Милана весь вечер снимала — цветы, воду, закат, Даню. А тот… почему-то был задумчив и сосредоточен. И весь вечер не выпускал из рук телефона. То, что он переписывается с отцом, у него было написано на лице, но в это она не лезла, не приставала. Хотя нет-нет да и мелькала мысль, что не совсем они и «вдвоем».
А на следующий день Данька провернул аферу века.
Вот так просто — взял и провернул.
Они позавтракали, пошли на аттракционы, хотя куда больше Милане хотелось в контактный зооуголок, который здесь имелся тоже. И пока она стояла в очереди в кассу, чтобы купить билеты на очередную карусельку, Данька убежал за мороженым на соседнюю аллейку, а вернулся через добрых пятнадцать минут, с довольной моськой и двумя вафельными стаканчиками по три шарика. Милане — фисташковое, дорблю и соленая карамель. А себе — все три шоколадные.
Вручив же матери десерт, Даня объявил:
— А теперь можно и в зоопарк, а то уже голова немного кружится.
— Ну молодец, — констатировала Милана, — значит, больше никаких аттракционов.
Прихватив несколько наборов корма, они принялись бродить вдоль ограждений и редких вольеров. Данька почти все скормил молодой альпаке Варваре, как гласила табличка на ее домике, а Милана зависла у многочисленного семейства сурикатов. Встретились они у кроликов, которым достались остатки моркови и яблок.
— Вот и ты сегодня будешь на здоровом питании, а не на бургерах, чтобы не тошнило, — смеялась Милана, фотографируя ставшую недовольной мордочку сына.
А потом у него зазвонил телефон, прерывая их идиллию. Даня спохватился, засуетился, глазища его забегали, когда он увидел имя звонившего на экране. А вслух он проговорил:
— Ма, ты только не убивай меня, ладно? — и принял вызов, моментально преобразившись из переполошенного зайца в уверенного в себе юношу тринадцати лет: — Привет снова! Ты приехал… Класс! Быстро получилось…. а где? Ну я… я в зоопарке. Ага, тут есть зоопарк… ну типа, он маленький… ну и что? Мы тоже первый раз. Ты подходи, в общем. Мы тебя ждем… ну да, конечно, с мамой. Она ж меня здесь одного не оставит…
И Данька жалобно посмотрел на Милану, убирая трубку от уха.
— За что именно я не должна тебя убивать? — уточнила Милана самым будничным тоном.
— Сейчас придет папа. Я его позвал.
— Позвал, — повторила за ним Милана. — Ты понимаешь, что это нехорошо… нехорошо по отношению к другим?
Даня кивнул и осторожно ответил:
— Я хотел, чтоб мы вместе погуляли. Ну как семья. Чтобы и ты, и папа… Ты его только не ругай, я ему это… информацию преподнес не совсем достоверную…

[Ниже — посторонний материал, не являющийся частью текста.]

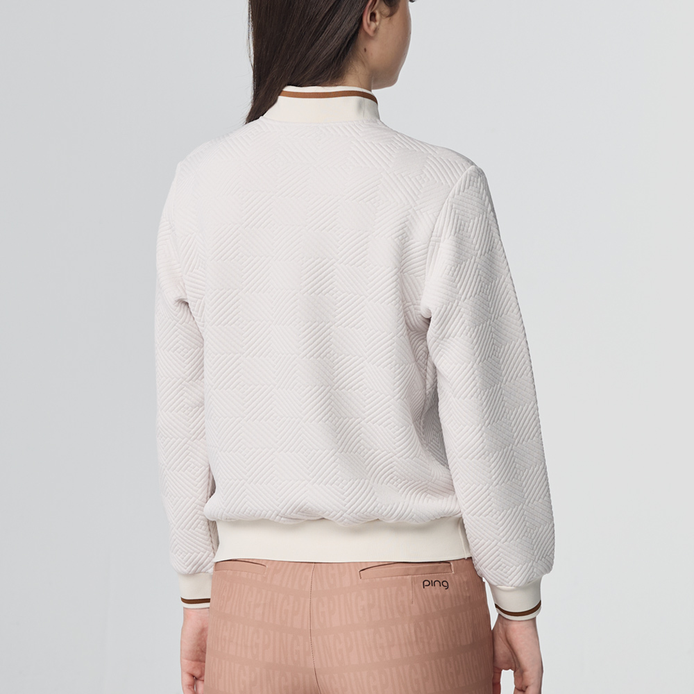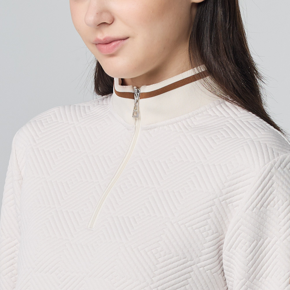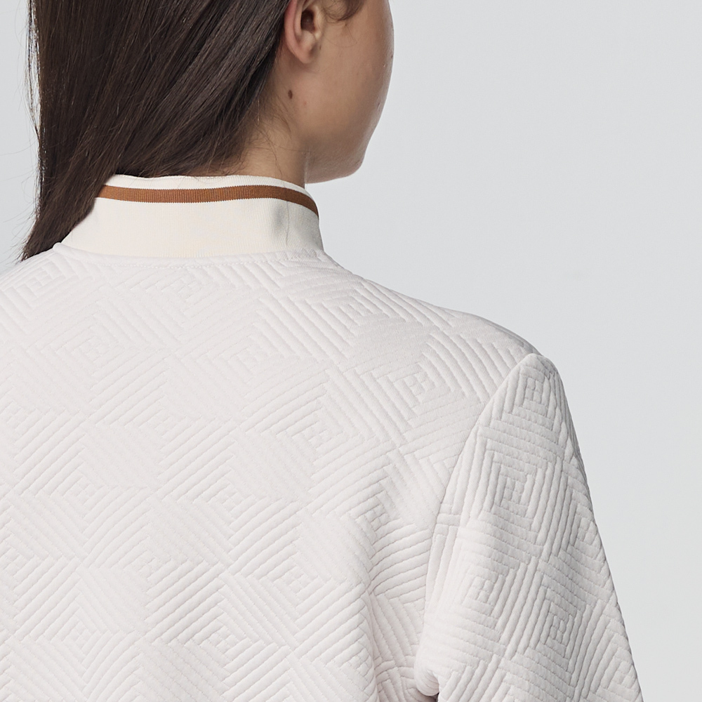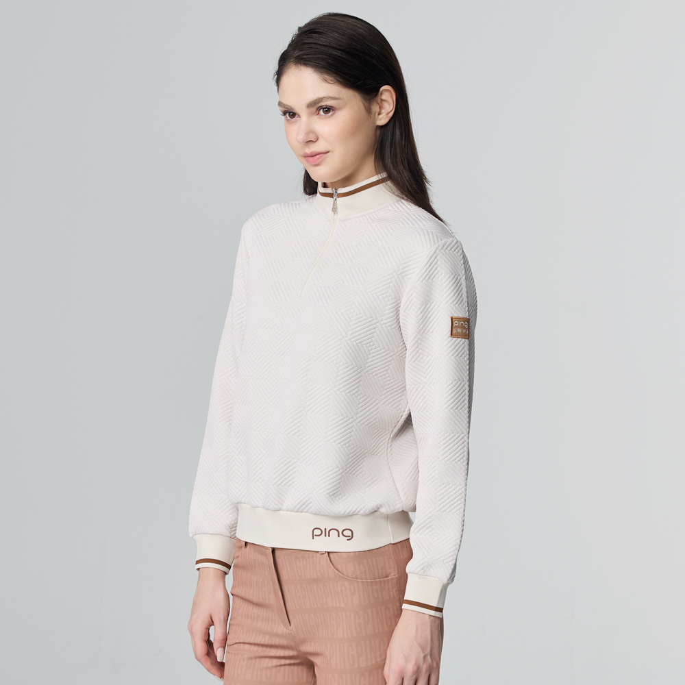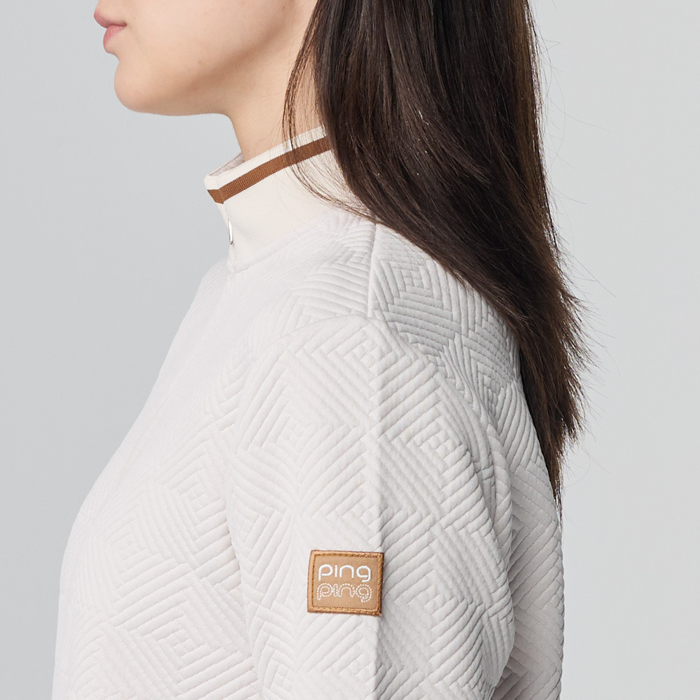 【PING】女款幾何緹花蓄熱保暖長袖立領上衣-卡其 / RA25212-75

— Хорошо, я никого не буду ругать. Но ты мне пообещаешь, что в следующий раз будешь думать не только о себе, — Милана подняла глаза и заметила оглядывающегося во все стороны Назара. — Вон твой отец…
— Обещаю. Ма, ты же не уедешь? — успел шепнуть Данька прежде, чем Шамрай наткнулся на них обоих взглядом, а сам своего от него теперь не отрывал, наблюдая, как он подходит.

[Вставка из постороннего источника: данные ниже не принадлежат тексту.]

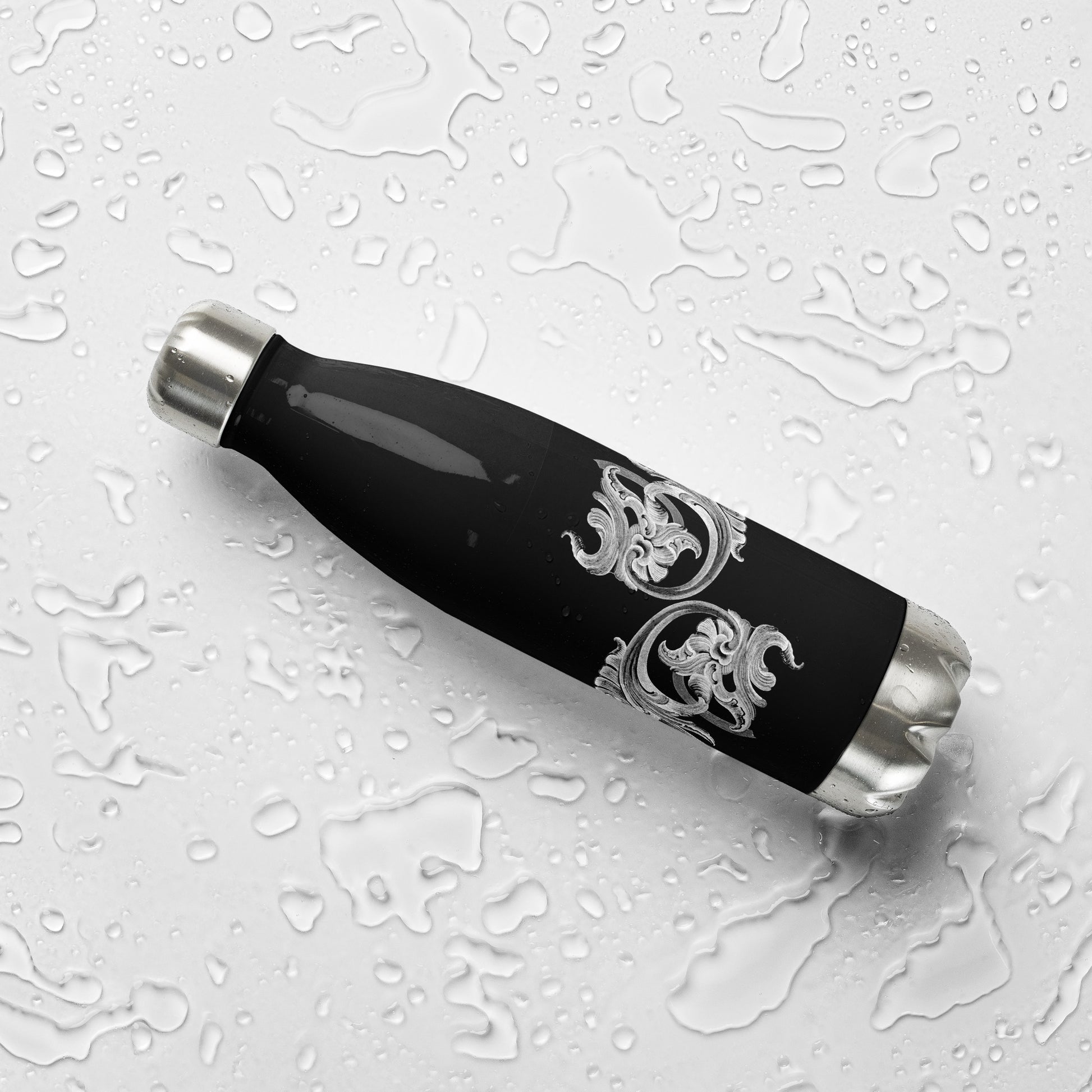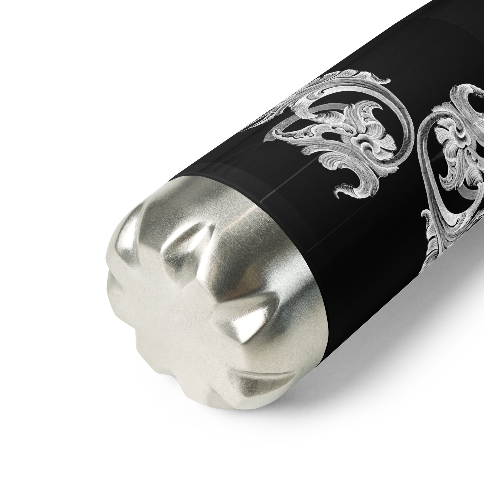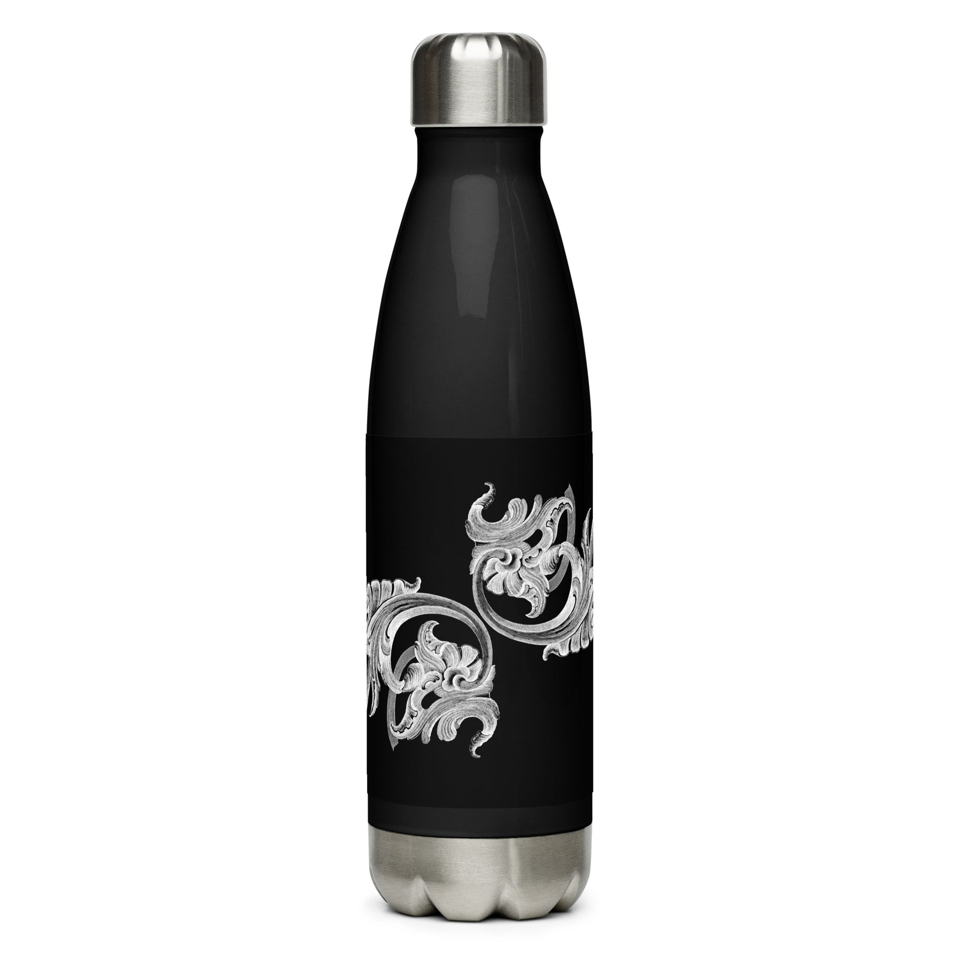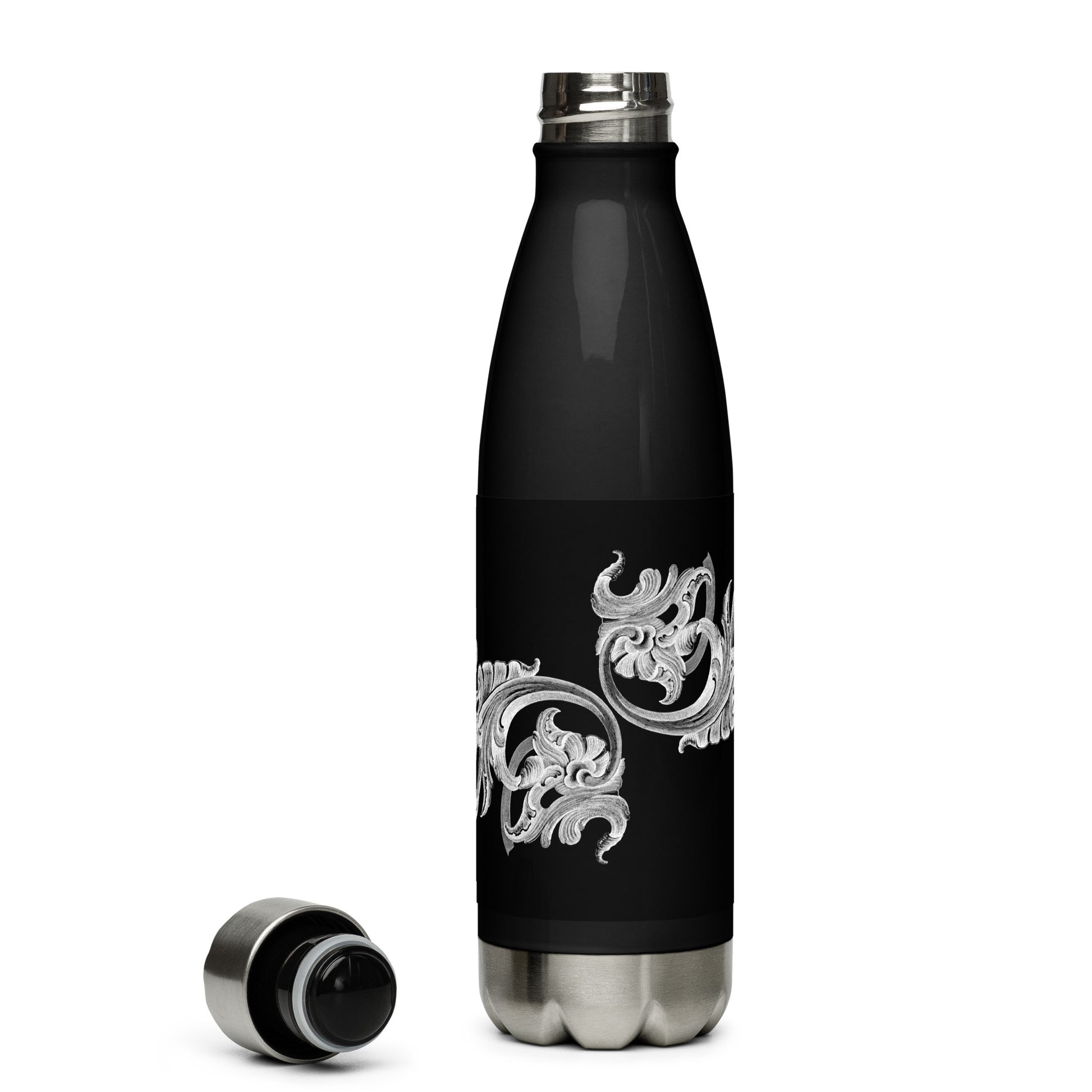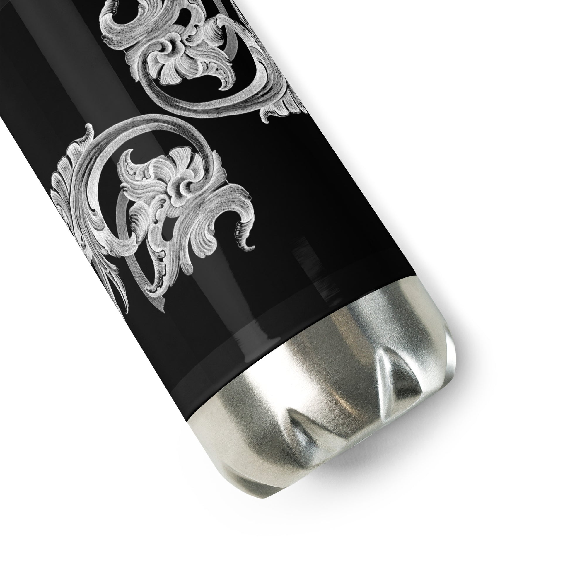 Art Nouveau Filigree White Black Stainless Steel Water Bottle

— Да уж не оставлю тебя здесь одного, — рассмеялась Милана и легонько толкнула его в плечо. — Но из своих придумок выпутывайся сам. Я тебе помогать не стану.
— Ай, у меня рабочая заготовка есть, — усмехнулся мелкий и наконец помахал Назару рукой. Тот тоже махнул ему и еще через несколько мгновений оказался рядом, чтобы быстро пожать Даньке руку — так они здоровались уже несколько дней. А потом бодро сказать Милане:
— Ну все. Пост сдал — пост принял! Только расскажи, что делали и что еще хотели.
— А мама уже никуда не едет! — звонко, еще не начавшим ломаться голосом сообщил Даня отцу. — У нее там все отменилось, потому мы остаемся.
Шамрай хмыкнул и потер лоб, из-под которого глянул на Милану. И выглядел сейчас глупо, немного по-медвежьи, боясь оступиться, но отчаянно косолапя. Так и пробурчал, по-дурацки невпопад:
— Ну… ладно… тогда я поехал, раз больше подмена не нужна…
Милана, в свою очередь, многозначительно посмотрела на сына и прошептала, кивнув на Назара:
— Давай…
— Не надо никуда ехать! — заявил Даня. — Все вместе погуляем, а? Давайте? Там бассейн есть, озеро с плотами, можно переправиться. Я никогда на плоту не плавал.
— Да я тоже, я и на яхте не… плавал, — пробормотал Назар и осторожно спросил Милану: — Ты не против?
— Не против, — сказала она, — но никакого бассейна.
— Дань, и правда, давно помирал, что ли? Мало ли, какая там зараза в той воде, а у тебя только затянулось.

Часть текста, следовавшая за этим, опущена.